Once the templates are defined, they can be invoked or called on demand by other templates called invocators. These invocators are more of controllers templates that can control the execution of defined templates. 

There are two types of invocator templates:

  1. Steps: It basically allows you to define the tasks in steps. All YAML files are enabled with the ‘steps’ template. 
  2. Directed acyclic graph: Argo enables its users to manage steps with multiple dependencies in their workflow. This allows parallel execution of different workflows in their respective containers. These types of workflows are managed using a directed acyclic graph or DAG. For instance, if you are working on image segmentation and generation for medical purposes then you can create a pipeline that:
    • Processes the images.
    • Distributes the images (or dataset) to the respective DL models for image segmentation and generation pipeline.
    • Continuously predicts segmentation masks and updates the dataset storage with new images after proper inspection. 

Airflow

Feature Pipeline- Airflow
Feature Pipeline | Source

Apache Airflow consists of four main components:

  1. Webserver
  2. Scheduler
  3. Executor
  4. Database
Main components of Apache Airflow
Four main components of Apache Airflow | Source

Webserver

It provides the user with UI for inspecting, triggering, and debugging all DAGs and tasks. It essentially serves as the entry point for Airflow. The Webserver leverages Python-Flask to manage all the requests made by the user. It also renders the state metadata from the database and displays the same to the UI.

Scheduler

It monitors and manages all the tasks and DAGs. It examines the state of the tasks by querying the database to decide the order of the task that needs to be executed. The aim of the scheduler is then to resolve dependencies and submit the task instance to the executor once the dependencies are taken care of.

Executor

It runs the task instances which are ready to run. It executes all the tasks as scheduled by the scheduler. There are four types of executors:

  1. Sequential Executor
  2. Local Executor
  3. Celery Executor
  4. Kubernetes Executor

Metadata Database

It stores the state of the tasks and DAGs that can be used by the scheduler for proper scheduling of the tasks instance. It is worth noting that Airflow uses SQLAlchemy and Object Relational Mapping (ORM) to store the information. 

Prefect

Prefect uses two core concepts: 

  1. Flows
  2. Tasks

Flows

In Prefect, flows are the Python objects that can be interacted with. Here DAG is defined as flow objects. See the image below. 

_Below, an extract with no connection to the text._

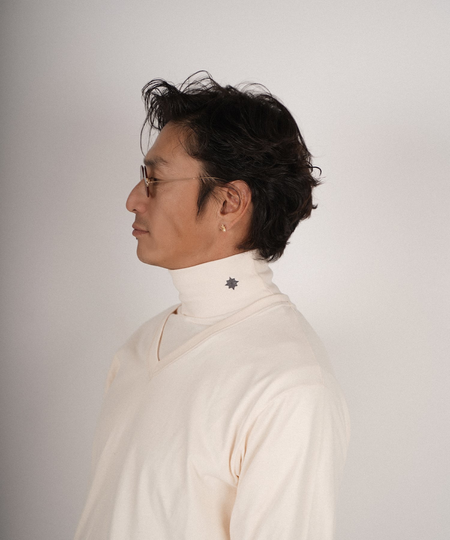 ・ハイネックの首元にはピアスモチーフでおなじみの刺繍をデザイン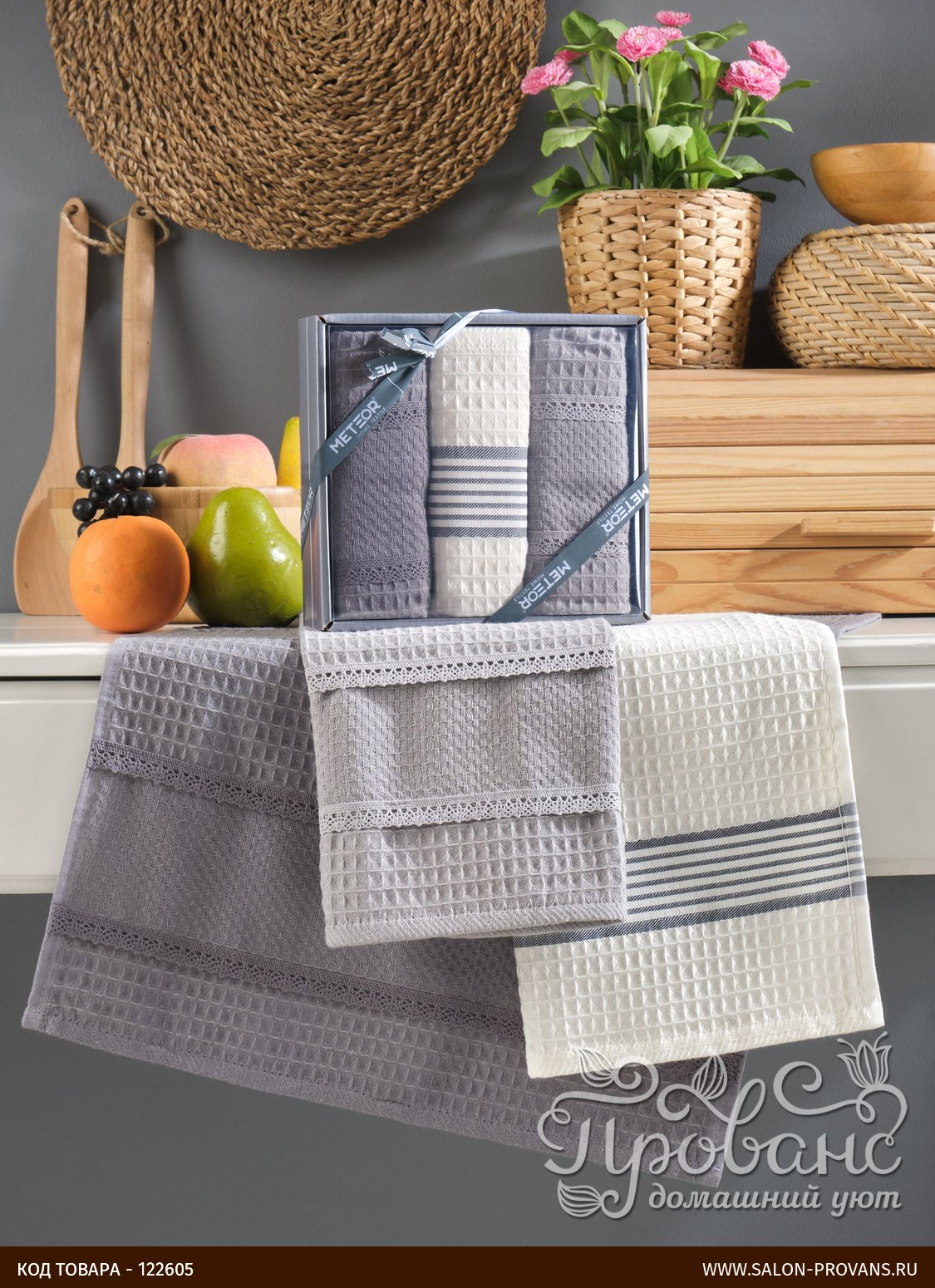 Подарочный набор из трёх кухонных полотенец из коллекции ARNICA от турецкого производителя Meteor. Полотенца изготовлены из качественной 100% хлопковой вафли, мягкой и приятной на ощупь, хорошо впитывающей влагу.

DAG defined as flow objects
DAG defined as flow objects | Source

Flow can be imported and can be used as a decorator, @flow, for any given function. Flows take an existing function and transform it into a Prefect flow function, with the following advantages:

  • The function can be monitored and governed as it is now reported to the API.
  • The activity of the function can be tracked and displayed in the UI.
  • Inputs given to the function can be validated.
  • Various workflow features like retries, distributed execution et cetera can be added to the function.
  • Timeouts can be enforced to prevent unintentional long-running workflows 

Here is a code block depicting the implementation of a flow object.

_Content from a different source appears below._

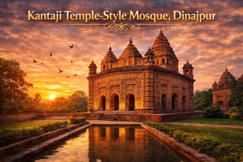 Although its design resembles a traditional Hindu temple, the Kantaji Temple-Style Mosque in Dinajpur represents a remarkable fusion of Islamic and Hindu architectural influences. Built during the 18th century, the structure is widely admired for its elaborate terracotta panels and decorative brickwork, which highlight the artistic excellence of craftsmen from that period. The mosque’s exterior is richly embellished with finely detailed carvings that give it a unique visual identity among the historical mosques in Bangladesh.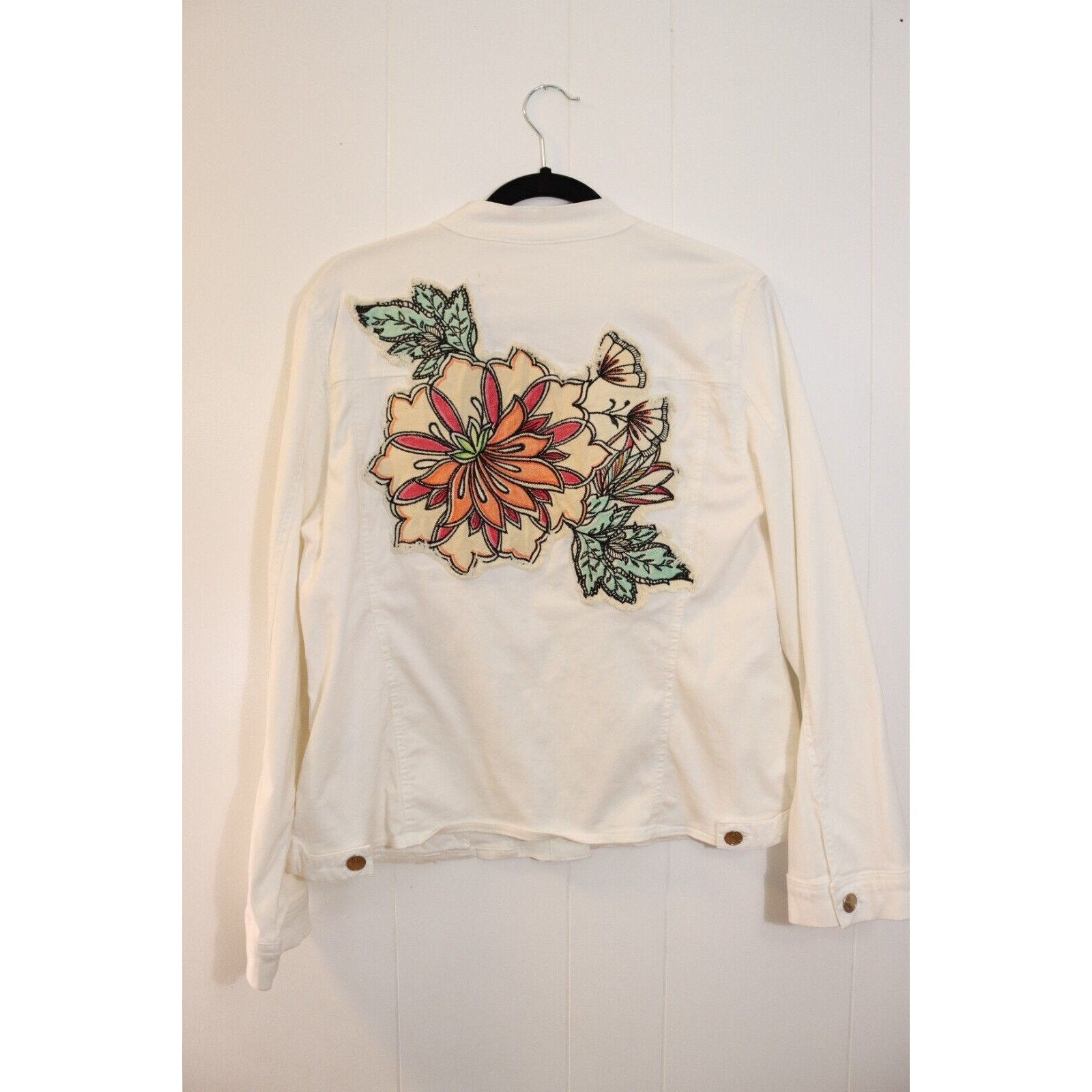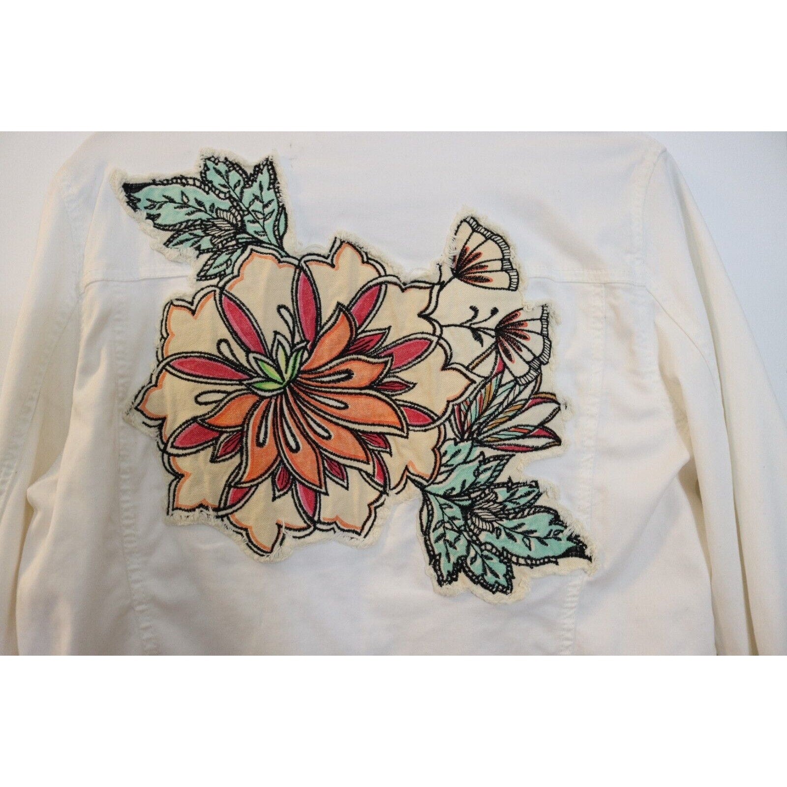Chico White Jacket Floral Emboridery Back Long Sleeve

#Source: https://github.com/PrefectHQ/prefect from prefect import flow

@flow(name="GitHub Stars") def github_stars(repos: List[str]): for repo in repos: get_stars(repo)

In the code above, the function has been transformed into a flow which is named as “GitHub Stars”. This function is now within the constraints of Prefect orchestration laws. 

Now it must be noted that all workflows must be defined within the flow function. Likewise, all tasks must be called within the flow (function). Keep in mind that when a flow is executed, it is known as a flow run

Tasks

Tasks can be defined as specific work that needs to be executed, for instance, the addition of two numbers. In another word, tasks take an input, perform an operation and yield an output. Like flow, tasks can be imported and can be used as a decorator, @task, for a function. Once used for a function, it essentially wraps the function within the Prefect workflow and has similar advantages to the flow. For instance, it can automatically log information about task runs, such as runtime, tags, and final state. 

The code below demonstrates how a task is defined: 



#Source: https://github.com/PrefectHQ/prefect

@task(retries=3) def get_stars(repo: str): url = f"https://api.github.com/repos/{repo}" count = httpx.get(url).json()["stargazers_count"] print(f"{repo} has {count} stars!")

# run the flow! github_stars(["PrefectHQ/Prefect"])

To sum up, the flow looks for any task that is defined within its body, and once found it then creates a computational graph in the same order. It then creates dependencies between the tasks whenever the output of one task instance is used to yield output by another. 

Features

All three provide more or less the same features, but some features are better than others, and it also boils down to users’ adaptability. Just like in the previous section, let’s begin with a summary of the features. 

Airflow
Prefect

User Interface

It has a complete view of the workflow. You can define workflow straight from the UI.

Workflow is very well-maintained as it provides a number of different views.

Prefect is similar to Airflow.

Deployment Style 

Supports only Kubernetes-supported environments such as AWS and other S3-compatible services.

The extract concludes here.